1. Introduction
Distress tolerance is a vital skill set within Dialectical Behavior Therapy (DBT), especially for individuals who struggle with intense emotions, impulsive behaviors, or chronic mental health conditions such as borderline personality disorder (BPD), anxiety, and depression. These skills are designed to help people survive crisis situations without making things worse—bridging the gap between emotional chaos and skillful action.
This article explores how distress tolerance works in DBT, practical strategies you can implement today, and why building this skill can significantly improve your ability to navigate high-stress situations.
2. What Is Distress Tolerance?
Distress tolerance refers to the ability to endure and accept emotional discomfort without resorting to harmful or impulsive behaviors like substance use, self-injury, yelling, or avoidance. Unlike other DBT modules like emotion regulation or interpersonal effectiveness, which aim to create long-term change, distress tolerance is about immediate survival and short-term coping.
These skills do not eliminate pain or solve the problem but allow individuals to manage emotions until they are calm enough to act effectively.
3. The Goals of Distress Tolerance Skills
- Prevent impulsive or self-destructive behaviors during emotional crises
- Reduce suffering while maintaining self-respect
- Create mental space for problem-solving
- Support long-term resilience in the face of chronic stress or trauma
4. Key Distress Tolerance Skills in DBT
DBT organizes distress tolerance tools into two main types: crisis survival skills and reality acceptance skills.
Crisis Survival Skills:
- TIPP (Temperature, Intense Exercise, Paced Breathing, Progressive Muscle Relaxation): These fast-acting biological strategies help calm your body’s stress response. For example, holding an ice cube or doing vigorous jumping jacks can reduce physiological arousal.
- Distract with ACCEPTS: Activities, Contributing, Comparisons, Emotions, Pushing away, Thoughts, and Sensations. These distraction techniques help you shift focus away from the source of pain until you’re ready to face it.
- Self-Soothing: Engage your five senses to calm the nervous system—light a candle, listen to music, drink herbal tea, wrap yourself in a cozy blanket.
- IMPROVE the Moment: Imagery, Meaning, Prayer, Relaxation, One thing in the moment, Vacation (brief mental break), and Encouragement are strategies to make a painful moment more bearable.
Reality Acceptance Skills:
- Radical Acceptance: Acknowledging reality as it is, without resistance, even when it’s painful. This doesn’t mean approval, but letting go of the suffering that comes from denying or fighting what we cannot change.
- Turning the Mind: The practice of recommitting to acceptance over and over, even when the mind pulls away.
- Willingness vs. Willfulness: Willingness means doing what works and staying open to change, while willfulness is resisting or acting out against what’s needed.
5. Why These Skills Matter in Crisis
When emotions run high, rational thinking often shuts down. In these moments, distress tolerance skills are essential. Rather than acting on urge or panic, individuals can rely on structured tools to “ride the wave” of emotion. Research shows that DBT’s emphasis on skills like TIPP and Radical Acceptance helps reduce self-harm, emotional outbursts, and suicidal ideation.
For example, the Substance Abuse and Mental Health Services Administration (SAMHSA) notes that emotional regulation and distress tolerance are crucial components in evidence-based treatment for BPD and suicidality (https://store.samhsa.gov/sites/default/files/d7/priv/sma09-4420.pdf).

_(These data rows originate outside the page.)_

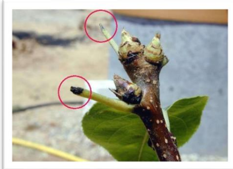
Фотография 5. Повреди от възрастното

младите клонки бръмбарът прави нагривания по кората. Освен това прегрива младите върхни леторасти, които или падат, или увисват на част от неизгриваната кора и така изсъхват. В овощните разсадници често се срещат не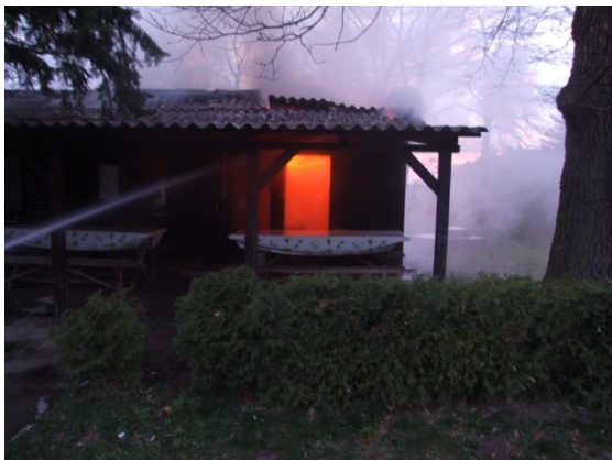
A kiérkezés pillanata

2010. április 9-én a hajnali órákban Göbösmajorba riasztották a kapuvári és csornai egységeket, ahol egy faház égett. A kiérkező egységek 2 "D" sugárral és kéziszerszámokkal mintegy tíz percen belül a kb. 40 négyzetméteres faházat eloltották.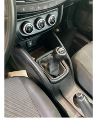
Şanzıman, Vites körüğü > Sabitlemesi Hatalı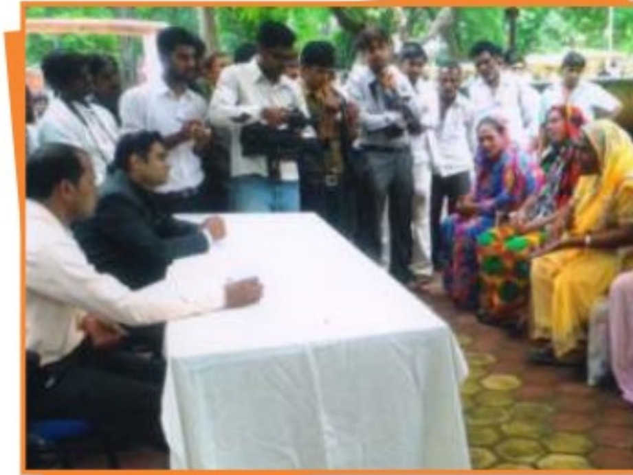
बुरहानपुर जिले में किन्नर समुदाय के कल्याणार्थ आयोजित शिविर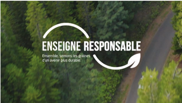
1/ Le logo [ENSEIGNE RESPONSABLE] apparaît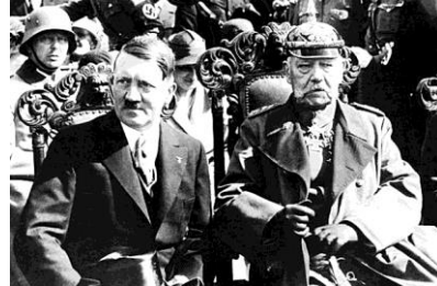
2- L'arrivée au pouvoir d'Hitler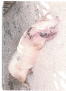
Намален апетит, цианоза и нарушена подвижност в рамките на 24-48 ч. преди настъпване на смъртта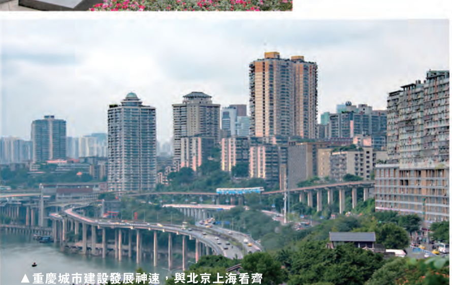
▲重慶城市建設發展神速，與北京上海看齊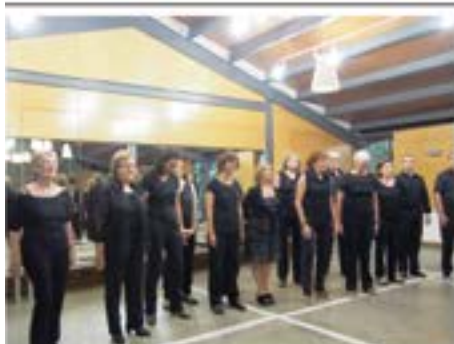
Trobada de coral a Pedret.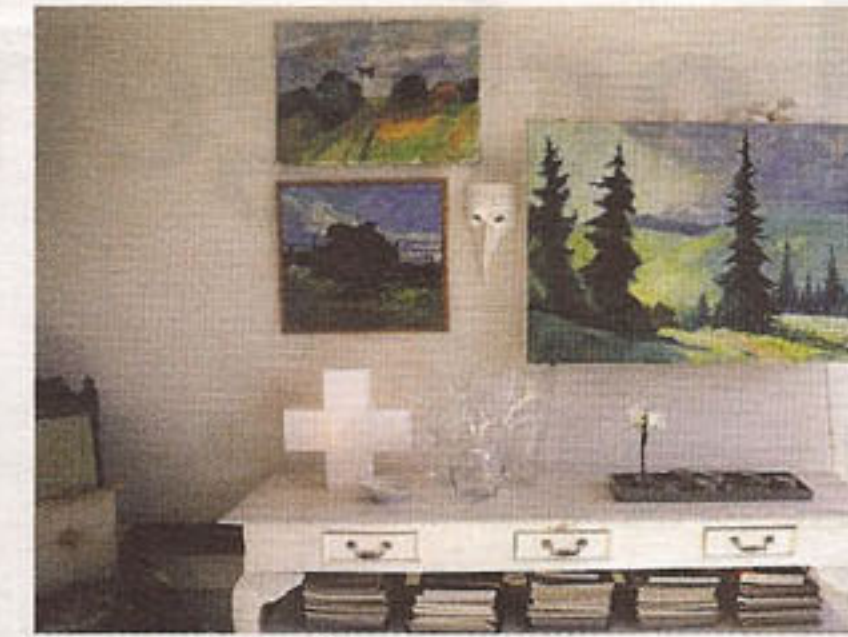
En vanlig tavla ...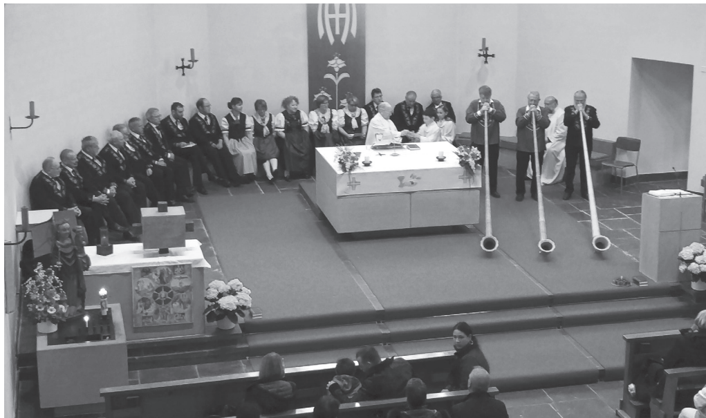
Eindrücke von der Jodlermesse am 1. Mai.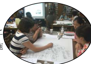
<教職員研修の様子>

NJ補習授業校においても全教職員が予防と対応策を身につけることを目的に研修を実施致しました。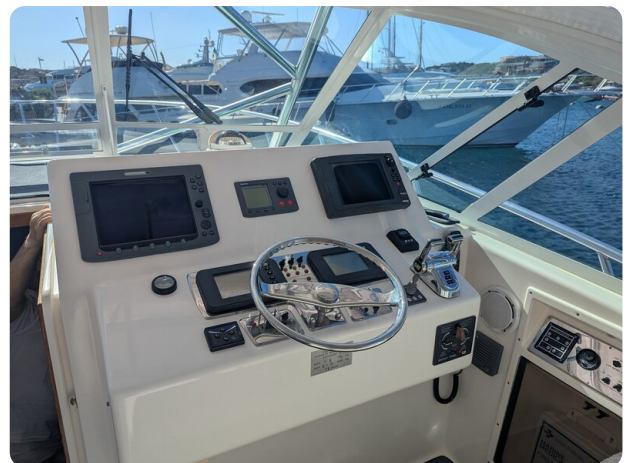
Cabo 38 Express helm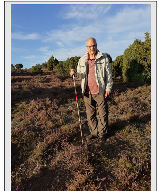
in der geliebten Ellerndorfer Heide

Durch meine vielen Vogelbeobachtungen und Exkursionen mit Ornithologen hatte ich den Wunsch Vögel zu beringern . Als ich 18 Jahre alt war, bekam ich die amtliche Erlaubnis für die Vogelwarte Helgoland zu arbeiten. Ich war vor allem auf Singvögel spezialisiert und habe von 1955 -1959 mehr als 700 Vögel beringt. Besonders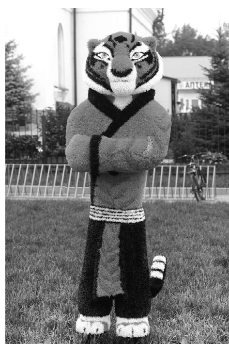
Мастер Тигрица притягивает взгляды взрослых и детей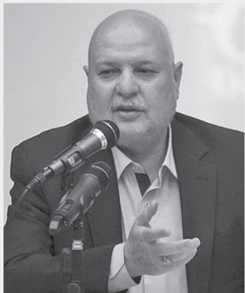
The head of Iran's Planning and Budget Organization (PBO) has said 40 percent of the oil revenues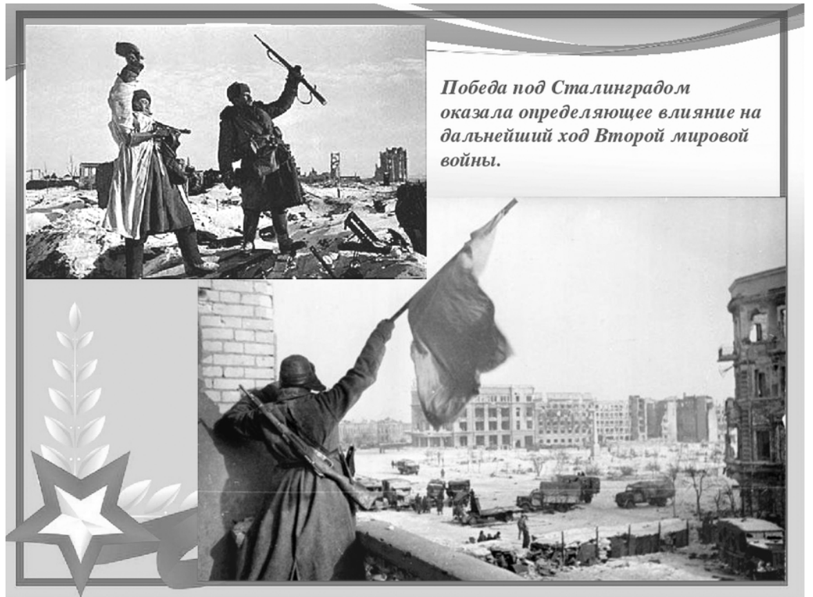
Победа под Сталинградом оказала определяющее влияние на дальнейший ход Второй мировой войны.

Ответы принимаются с 26 января по 2 февраля включительно по e-mail: troickbiblioteka@mail.ru или по адресу: ул. Пушкина, 11, Троицкая модельная библиотека.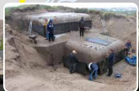
Herstel van een bunker door vrijwilligers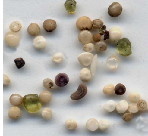
Photo montrant quelques particules du sable : foraminifères*, débris de coraux et piquants d'oursins, particules de basaltes.

Foraminifères* : Ce sont des êtres vivants de très petites tailles (le plus souvent microscopiques) qui vivent dans l'eau et construisent un test (=sorte de coquille). A la mort du foraminifère, son test peut se déposer au fond de la mer.

6. Applying Distress Tolerance in Everyday Life
Distress tolerance isn’t just for moments of extreme crisis. It can help with everyday stressors like arguments, work pressure, or intrusive thoughts. Practice is key—try the following:
- Create a distress tolerance toolkit: Keep items on hand that soothe or ground you (e.g., stress ball, essential oil, calming playlist).
- Schedule time to practice skills: Integrate breathing exercises or distraction techniques into your daily routine.
- Use a DBT diary card: Track which skills you used, how well they worked, and what you could try next time.
7. Seeking Professional Support
Distress tolerance skills are most effective when taught in a structured environment with feedback from a DBT-trained therapist. Group skills training sessions allow individuals to learn from others and receive support. If you’re in crisis or need help finding services, visit https://findtreatment.gov or contact the 988 Suicide & Crisis Lifeline.
8. Conclusion
Mastering distress tolerance is like building an emotional emergency toolkit. When you can sit with discomfort, use healthy distractions, and accept what you cannot change, you reclaim your ability to cope effectively—even when life is at its hardest. These skills don’t erase the pain, but they empower you to respond with intention, resilience, and grace.